> _Exercise goal_
All of the data below should be printed again exactly, pictures excluded.

> _Data shown_
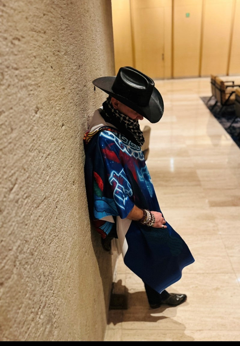 To represent our culture and his words, I partnered up with Mexican artist Christopher Delgadillo Elias (aka Dual) @dualone_hem from Rosarito, Mexico. The Kangaroo pocket and hood Sol, Mar are mandalas which are inspired by dream catchers that represent the beginning of everything. From the first particle, the creation of the Sun, Wind, Fire, Plants, Water and then Man. The sunset represents the Day of the Dead, tequila and the hummingbirds are the messengers from beyond…The night represents Kumiai Indians of Baja California as they would worship the spirits living in the desert.
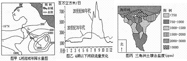 (2)读图乙,并结合图甲,分别说明Q湖以下河段在20世纪60年代与70年代流量变化的主要特点,并简析出现明显差异的主要原因。
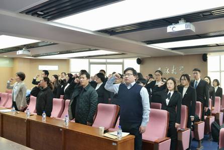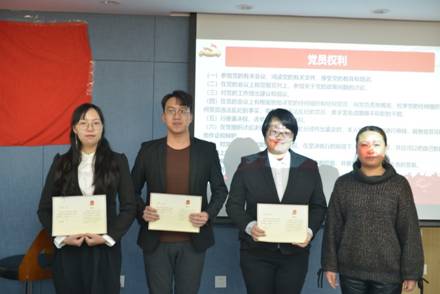 35名新党员在领誓人骆旷达同志和监誓人徐杰同志的带领下,一起面向党旗,举起右手,向党旗宣誓,新党员们在宣誓中表达了自己的决心。宣誓结束后,郑诺同志宣读了《党员的权利和义务》,每位党员一边听着宣读,一边将权利义务牢记在心。希望新党员能够在今后坚持履行党员义务,行使好党员权利。
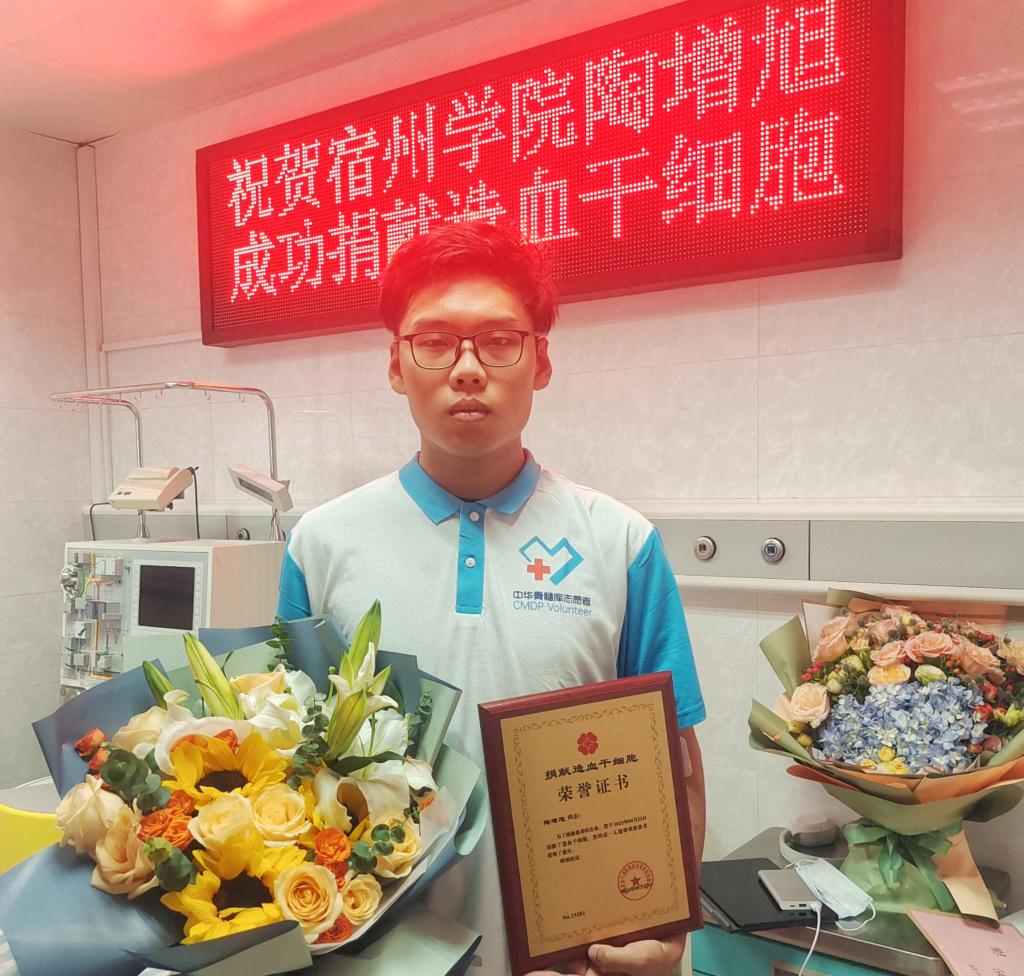 “未曾谋面,我知道,此时你身陷困境。不要慌张,保持冷静,希望就在前面,我会和你一起抗争。一定要相信生命的美好!”5月22日,一封特殊的信件和166毫升造血干细胞混悬液从安徽医科大学第一附属医院紧急送出。宿州学院机械与电子工程学院2020级自动化专业陶增旭同学,在经过约3小时血液采集后,成功捐献了造血干细胞,为一名素不相识的9岁血液病小患者点亮了生命之光。他也成为中华骨髓库第15261例,安徽省第507例,宿州市第35例,宿州学院第8例造血干细胞捐献者。

> _Response area_
 To represent our culture and his words, I partnered up with Mexican artist Christopher Delgadillo Elias (aka Dual) @dualone_hem from Rosarito, Mexico. The Kangaroo pocket and hood Sol, Mar are mandalas which are inspired by dream catchers that represent the beginning of everything. From the first particle, the creation of the Sun, Wind, Fire, Plants, Water and then Man. The sunset represents the Day of the Dead, tequila and the hummingbirds are the messengers from beyond…The night represents Kumiai Indians of Baja California as they would worship the spirits living in the desert.
 (2)读图乙,并结合图甲,分别说明Q湖以下河段在20世纪60年代与70年代流量变化的主要特点,并简析出现明显差异的主要原因。
 35名新党员在领誓人骆旷达同志和监誓人徐杰同志的带领下,一起面向党旗,举起右手,向党旗宣誓,新党员们在宣誓中表达了自己的决心。宣誓结束后,郑诺同志宣读了《党员的权利和义务》,每位党员一边听着宣读,一边将权利义务牢记在心。希望新党员能够在今后坚持履行党员义务,行使好党员权利。
 “未曾谋面,我知道,此时你身陷困境。不要慌张,保持冷静,希望就在前面,我会和你一起抗争。一定要相信生命的美好!”5月22日,一封特殊的信件和166毫升造血干细胞混悬液从安徽医科大学第一附属医院紧急送出。宿州学院机械与电子工程学院2020级自动化专业陶增旭同学,在经过约3小时血液采集后,成功捐献了造血干细胞,为一名素不相识的9岁血液病小患者点亮了生命之光。他也成为中华骨髓库第15261例,安徽省第507例,宿州市第35例,宿州学院第8例造血干细胞捐献者。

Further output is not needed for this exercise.